▶ [Items listed in a dataset]:
[Start of Attachment]
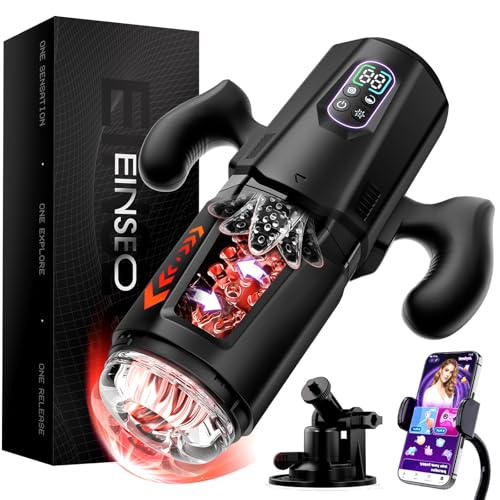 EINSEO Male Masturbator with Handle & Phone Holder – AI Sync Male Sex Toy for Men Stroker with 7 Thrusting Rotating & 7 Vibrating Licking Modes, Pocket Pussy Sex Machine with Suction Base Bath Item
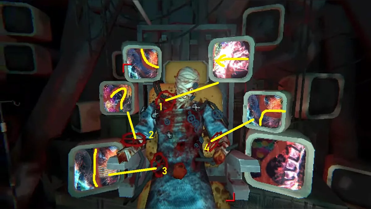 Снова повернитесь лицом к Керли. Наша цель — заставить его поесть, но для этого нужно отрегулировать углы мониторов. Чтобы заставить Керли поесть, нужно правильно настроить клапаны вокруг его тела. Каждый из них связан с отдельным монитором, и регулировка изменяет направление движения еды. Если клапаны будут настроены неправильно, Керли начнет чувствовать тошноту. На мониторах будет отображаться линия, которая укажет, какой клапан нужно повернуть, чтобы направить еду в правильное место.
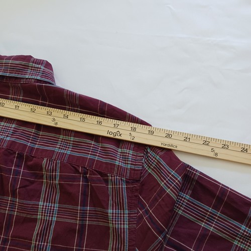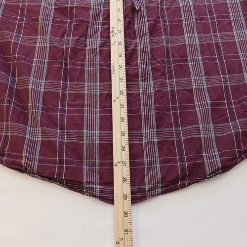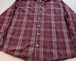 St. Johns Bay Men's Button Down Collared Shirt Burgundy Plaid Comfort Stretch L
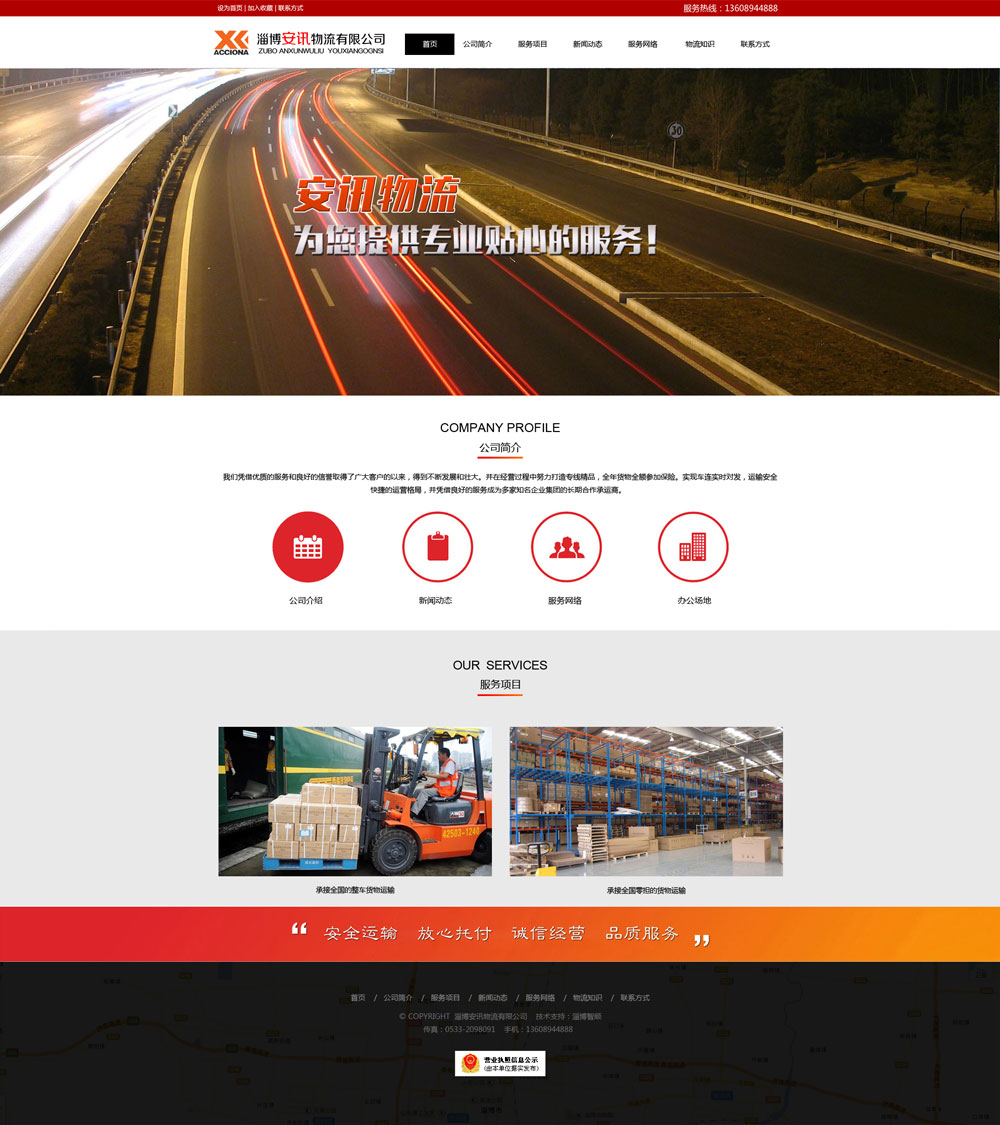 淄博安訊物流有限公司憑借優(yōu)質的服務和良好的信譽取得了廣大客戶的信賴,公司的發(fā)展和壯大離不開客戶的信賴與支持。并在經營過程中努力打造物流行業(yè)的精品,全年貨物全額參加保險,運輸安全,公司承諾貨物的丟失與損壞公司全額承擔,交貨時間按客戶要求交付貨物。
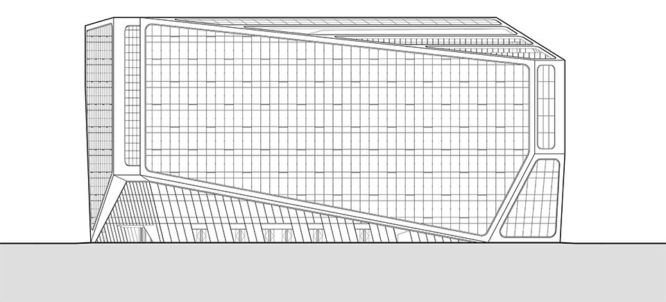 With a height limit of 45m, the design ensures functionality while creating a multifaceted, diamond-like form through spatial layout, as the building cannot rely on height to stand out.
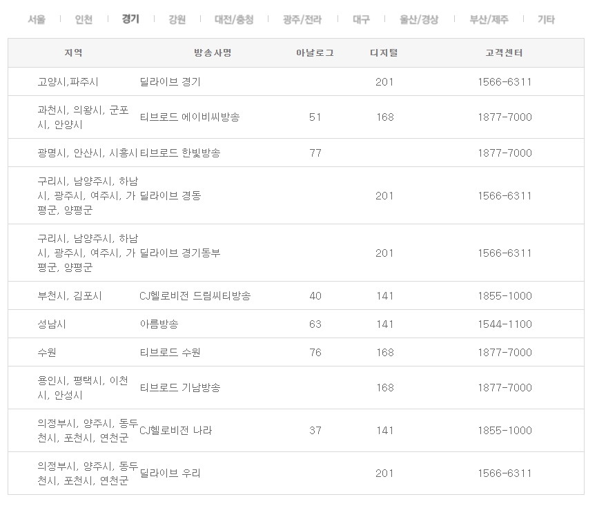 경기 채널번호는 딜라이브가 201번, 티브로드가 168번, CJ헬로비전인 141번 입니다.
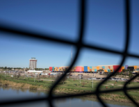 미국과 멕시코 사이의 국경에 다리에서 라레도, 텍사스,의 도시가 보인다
[End of Attachment]
▶ [To do]: Copy every line above exactly, leaving no picture in the copy.

▶ [Output of the task]:
 EINSEO Male Masturbator with Handle & Phone Holder – AI Sync Male Sex Toy for Men Stroker with 7 Thrusting Rotating & 7 Vibrating Licking Modes, Pocket Pussy Sex Machine with Suction Base Bath Item
 Снова повернитесь лицом к Керли. Наша цель — заставить его поесть, но для этого нужно отрегулировать углы мониторов. Чтобы заставить Керли поесть, нужно правильно настроить клапаны вокруг его тела. Каждый из них связан с отдельным монитором, и регулировка изменяет направление движения еды. Если клапаны будут настроены неправильно, Керли начнет чувствовать тошноту. На мониторах будет отображаться линия, которая укажет, какой клапан нужно повернуть, чтобы направить еду в правильное место.
 St. Johns Bay Men's Button Down Collared Shirt Burgundy Plaid Comfort Stretch L
 淄博安訊物流有限公司憑借優(yōu)質的服務和良好的信譽取得了廣大客戶的信賴,公司的發(fā)展和壯大離不開客戶的信賴與支持。并在經營過程中努力打造物流行業(yè)的精品,全年貨物全額參加保險,運輸安全,公司承諾貨物的丟失與損壞公司全額承擔,交貨時間按客戶要求交付貨物。
 With a height limit of 45m, the design ensures functionality while creating a multifaceted, diamond-like form through spatial layout, as the building cannot rely on height to stand out.
 경기 채널번호는 딜라이브가 201번, 티브로드가 168번, CJ헬로비전인 141번 입니다.
 미국과 멕시코 사이의 국경에 다리에서 라레도, 텍사스,의 도시가 보인다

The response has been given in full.